Chicxulub lies underneath the Yucatán Peninsula in Mexico, hidden to the naked eye, visible only through geophysical techniques. The crater, which measures 150 kilometers (93 miles) in diameter and 20 km (12 mi) in depth, indicates an apocalyptic impact. Geologists estimate that the impact had the energy of 10 billion Hiroshima A-bombs, millions of times more powerful than any object mankind has ever detonated. Words can't do this event justice.
A cloud of super-heated dust, ash and steam spread from the crater at dramatic speeds, as the impact body burrowed underground in less than a second. Virtually all life 5,000 km away was wiped instantly. But the worst was still yet to come.
The impact triggered a massive emission of dust and particles which covered the entire surface of the Earth for several years, possibly a decade, creating a harsh environment for living things. Initially, the shock destruction of carbonate rocks led to a sudden and powerful greenhouse effect, heating the planet. But as time went on, the dust particles blocked the sunlight from reaching the surface of the Earth, cooling the surface dramatically.
To top it all off, the impact generated ungodly shockwaves, which in turn caused earthquakes and caused volcanic activity.
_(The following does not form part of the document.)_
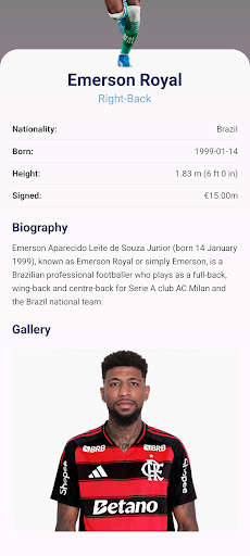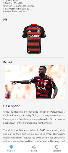 Guide Flamengo FC is the definitive companion for every Guide Flamengo FC supporter. Created by fans for fans, this app immerses you in the world of the "Guide Flamengo FC" with comprehensive data on the squad, the DRV PNK Stadium, and the club's legendary history. Key Features: Club Insights: Dive into the rich history, trophy cabinet, and stadium facts. Squad & Players: Detailed profiles including biographies, physical stats, and transfer info. Player Comparison: Analyze stars head-to-head with our intuitive comparison tool. Fan Community: Stay connected with quick links to official social channels. Disclaimer: This is an unofficial fan application and is not affiliated with Guide Flamengo FC Football Club.

This is where the new study comes in.
A one-two punch
As if all that wasn't enough, the impact also triggered volcanic activity which helped seal the dinosaurs' fate.
"We found evidence for a previously unknown period of globally heighted volcanic activity during the mass-extinction event," said former UO doctoral student Joseph Byrnes.
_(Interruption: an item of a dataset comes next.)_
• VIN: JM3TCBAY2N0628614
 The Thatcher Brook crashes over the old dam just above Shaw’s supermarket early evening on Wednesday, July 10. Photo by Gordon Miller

Byrnes and Leif Karlstrom, a professor in the UO's Department of Earth Sciences, analyzed a record of volcanism preserved along the mid-ocean ridges -- underwater mountain system formed at the edge of tectonic plates.
In order to assess the volcanic activity, they used a geophysical technique called gravity surveying. This approach involves measuring the Earth's gravitational field using highly sensitive instruments, capable of picking up even minute differences. In this instance, researchers used freely available satellite data.
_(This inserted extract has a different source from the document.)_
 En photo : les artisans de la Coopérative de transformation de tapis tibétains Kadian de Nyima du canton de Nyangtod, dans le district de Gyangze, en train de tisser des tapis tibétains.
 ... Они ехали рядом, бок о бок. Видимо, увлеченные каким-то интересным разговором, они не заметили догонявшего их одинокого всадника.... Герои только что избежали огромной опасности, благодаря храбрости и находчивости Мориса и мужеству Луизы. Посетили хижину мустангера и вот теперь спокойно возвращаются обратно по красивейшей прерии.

By mapping the gravity field, they are able to deduct the density of the underlying rocks and thus, they have some information as to what kind of rock they're looking at (for instance, a volcanic basalt will have a much higher density than a sedimentary limestone). This allows them to identify volcanic regions, and improved dating methods allowed them to place the increased volcanic activity right at the same time as Chicxulub, establishing a strong correlation.
"Our work suggests a connection between these exceedingly rare and catastrophic events, distributed over the entire planet," Karlstrom said. "The meteorite's impact may have influenced volcanic eruptions that were already going on, making for a one-two punch."
So, researchers conclude, it wasn't the impact itself that wiped out the dinosaurs, but rather a cascade of effects, including massive eruptions of underwater volcanoes. It's another important reminder that the Earth is a tightly-knit ecosystem, and severe events tend to propagate all around the planet.
However, perhaps it's important to note that through this catastrophe, and a few similarly devastating events, life still managed to find a way. Dinosaurs themselves, despite popular knowledge, are not exactly extinct. In a way, they're thriving -- as birds. A group of dinosaurs evolved and adapted, becoming the birds we see all around us.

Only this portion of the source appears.